Very nice, what did you use to cover the battery?


----------



## Paul Burch (Jan 2, 2008)

Dick,JIm,
The trailer was made from a second speeder. I bought these way back when the speeders were made by K-Line and could be had for $29.00. The cover is made from a piece of twill cloth. Folded over and set with some thin CA,then painted. Don't remember where I got the tools. Could have been Trackside Details?


----------



## Gary Armitstead (Jan 2, 2008)

Paul,

Very nice installation! Surprising how compact it is.


----------



## Stan Cedarleaf (Jan 2, 2008)

That is very, very nice, Paul... Well done.... Love it... The battery application is super...









Not to derail the thread but I've just completed a similar project using a "cute" littlel non-powered Rail Truck and pushing it with a 'bashed powered trailer. The trailer is a Hartland flat car kit with the Hartland "Woody" single axle motor, REVOLUTION receiver and 12 volt LiFe-PO battery. Hope to get it posted some time today with images and a video... 

I guess it's that time of the year when the 'bashing minds" start working..


----------



## Totalwrecker (Feb 26, 2009)

Ya know, using that trailer is cheating..... been too quiet..... couldn't resist... 

What a beautiful little work train. 
As my memory recalls yours are too clean.... 

That will probably keep the kids as happy as a full train would. 

Thanks for sharing. 

John


----------



## East Broad Top (Dec 29, 2007)

I love it! I wish I could get away with 11.1 volts on my Berlyn Goose #6, but the thing barely breaks 15 mph with 14.8 volts, so I'm hollowing out a stack of ties that I can sit over the battery pack. Everything else (Convertr & Tsunami) is under the frame. 
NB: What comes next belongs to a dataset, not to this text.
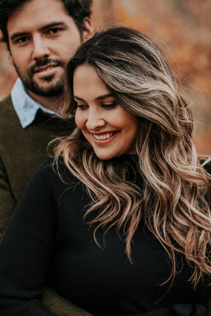 Virginia wanted a rustic, sun-kissed natural look to really accentuate her shoot. We decided to choose Toronto's Glen Stewart Ravine as the backdrop for their beautiful photos. Right as the sun set, the glow coming through the woods was the perfect start to the shoot. As we hiked down, the setting completely changed with all the leaves on the ground and a small stream running through the Ravine. Good thing Virginia had brought a few dresses to choose from. We ended up using up all her dresses with different backdrops to add variety to the shoot. Normally, with outfit changes, the shoot can take longer than expected. But having that chemistry with Virginia and Daniel, I knew exactly what they wanted and how to pose them. With the help of perfect natural lighting and 3 outfit changes, we flew through the entire shoot in just over an hour.
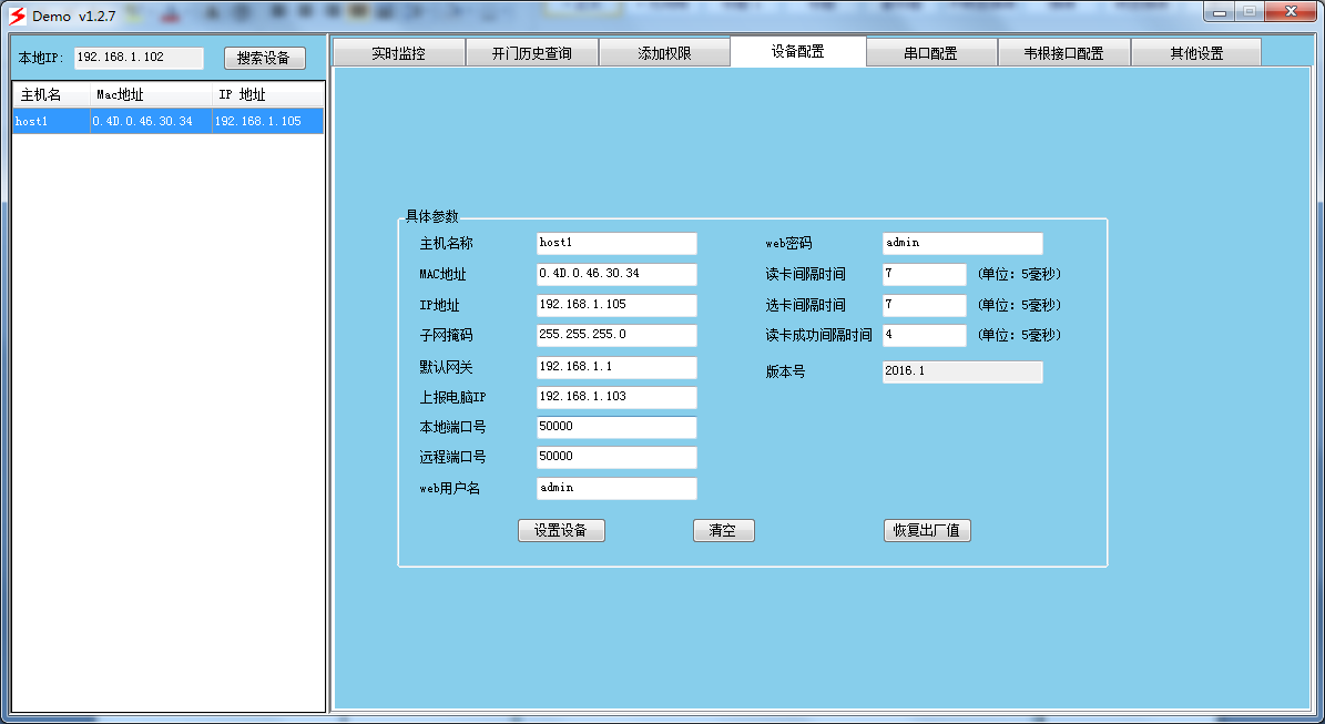 ??? ?將設(shè)備通過(guò)網(wǎng)線與電腦直接連接或者通過(guò)交換機(jī)連接,在軟件中點(diǎn)擊“搜索設(shè)備”按鈕,列表中將自動(dòng)列出網(wǎng)絡(luò)中的門禁控制器設(shè)備。選擇記錄后可以查看并修改此設(shè)備的配置。注意必須保證計(jì)算機(jī)IP地址與設(shè)備IP地址在同一個(gè)網(wǎng)段,默認(rèn)為192.168.1.XX,否則不能成功搜索和修改。(通過(guò)網(wǎng)線直連電腦的情況,可能因?yàn)榫W(wǎng)卡不能自適應(yīng)導(dǎo)致搜索或者配置不成功,建議通過(guò)路由器連接)。如果計(jì)算機(jī)IP地址已經(jīng)修改為192.168.1.XX仍然不能搜索到設(shè)備,可以人工恢復(fù)默認(rèn)設(shè)置(在斷電時(shí)按住恢復(fù)按鈕加電,5秒后松開(kāi),鳴蜂器響即恢復(fù)成功)。

One thing on the Convertr, make sure you disable the analog DC operation on whatever decoder you plug into it. If you have analog DC enabled on the decoder and don't have the Airwire transmitter on (or are switching to another locomotive), the decoder takes off at full throttle. You don't need analog DC if you're running strictly battery power anyway, so you're not losing anything by turning it off. (In my case, my Goose is wired to run via track-powered DCC or Airwire, so I left it turned on at first on the presumption that I might want to run it on analog track power at some point. I can, I just have to reset the CV if I want to.) 

Later, 

K


----------



## Paul Burch (Jan 2, 2008)

Kevin,
The MC4 worked right from the beginnning. All I needed to set to get running was the address with CV1 and of course CV58 for the frequency in the convrtr. The rest of the settings were for lights. I can envision many possibilities for the convrtr in tight installations. The small MC4 decoder is rated at 1 amp continuous and 2 amp peak. Plenty for the speeder. The 11.1v battery is rated at 750mah. I figure about 1.5 hour run time. I have two batteries for it.


----------



## Treeman (Jan 6, 2008)

Nice job Paul!!!


----------



## Dick413 (Jan 7, 2008)

Paul 
Did you still use a battery with a PCB? 

Dick


----------



## Paul Burch (Jan 2, 2008)

Dick, 
Yes,the battery pack comes with PCB. A must with a lithium battery. Just finished "tarping" the second pack. Got to do a little running with it the other day. Everything worked great. Range is at least 100' with the convrtr board, probably quite a bit more.


----------



## Dick413 (Jan 7, 2008)

Paul 
Thanks for your answer. the resin i asked i saw that the convrtr board will shut down before the PCB on a 11.1 lipo. 

Dick


----------



## NTCGRR (Jan 2, 2008)

That's great, how come you did not take the photo out on the RR?


----------



## Paul Burch (Jan 2, 2008)

Marty, 
Its 23.7 as I write this. I don't play outside in that kind of cold. Before that it was rainy. Should be back up into the 40's in a couple days. Might get a little snow tomorrow. I do get the plow out and play in that. One of my grandsons ran the speeder the other day but from the comfort of the train room looking out. The little Airwire convrtr board should find lots of uses as people discover it.


----------



## SD90WLMT (Feb 16, 2010)

Our Greenhouse is about 60 degrees.... 

Does that help!!? 

Dirk


----------



## Paul Burch (Jan 2, 2008)

I'd love to see 60 again. Thats shirt sleeve.


----------



## Gary Armitstead (Jan 2, 2008)

Posted By Paul Burch on 09 Dec 2013 11:58 AM 
I'd love to see 60 again. Thats shirt sleeve. 
Hey Paul,

ALMOST 60 here.....actually 59 right now.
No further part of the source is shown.